# show $\sup\{t \in \mathbb{N}_0 : S_t =1\}$ is a stopping time

Let $$(X_n)_{n \in \mathbb{N}_0}$$ be a sequence of independent and identically distributed random variables with $$\mathbb{P}(X_1 = 1) = \mathbb{P}(X_1 = -1) = \frac{1}{2}.$$ Define $$S_t = \sum\nolimits_{k=1}^t X_k$$ for $$t\in \mathbb{N}$$ and $$S_0 = 0$$

Show that $$\sigma := \sup\{t \in \mathbb{N}_0 : S_t =1\}$$ and $$\tau := \inf\{t \in \mathbb{N}_0 : S_t =1\}$$ are stopping times with respect to the natural filtration of $$(X_n)$$

I need to show that $$\{\sigma = t\} \in F_t$$ where $$F_t$$ is $$\sigma(X_0, ... , X_t)$$

I wanted to write $$\{\sigma = t\}$$ differently, but I don't see how this can be done.

Thanks for any help.

• Are you sure that this is what you have to prove?
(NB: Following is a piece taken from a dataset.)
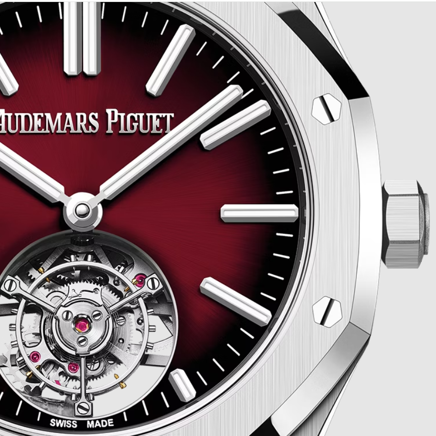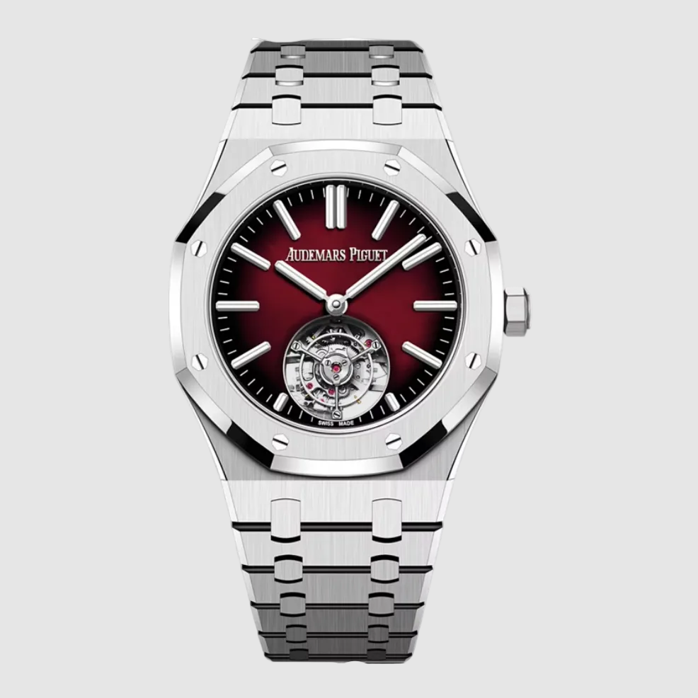 The Royal Oak Selfwinding Flying Tourbillon 41 mm represents the pinnacle of haute horlogerie craftsmanship. This timepiece combines Audemars Piguet's iconic octagonal case design with a sophisticated flying tourbillon mechanism, visible through the exhibition caseback. The 41 mm case strikes an ideal balance between presence and wearability, while the self-winding movement ensures reliable timekeeping through daily wear. Finished with meticulous attention to detail, this watch exemplifies technical mastery and refined aesthetics for the discerning collector.

I doubt that $\sigma$ is a stopping time. – saz Oct 30 '18 at 11:59
• Hmm.. is it because $\sigma=\infty$ a.s.? I.e., for each $t<\infty$, $\{\sigma\le t\}$ is null, so it's trivially measurable w.r.t. $\mathcal F_t$? – AddSup Oct 30 '18 at 14:43

1. $$\tau$$ is a stopping time: At time $$t$$ it is known if $$\{\tau=t\}$$ occurred. $$\{\tau=t\}=\{S_0\neq 1,\dots,S_{t-1}\neq 1,S_t=1\}.$$
2. $$\sigma$$ is not a stopping time: At time $$t$$ you can not know if $$\{\sigma=t\}$$ occurred. $$\{\sigma=t\}=\{S_t=1,S_{t+1}\neq 1,S_{t+2}\neq 1\dots\}.$$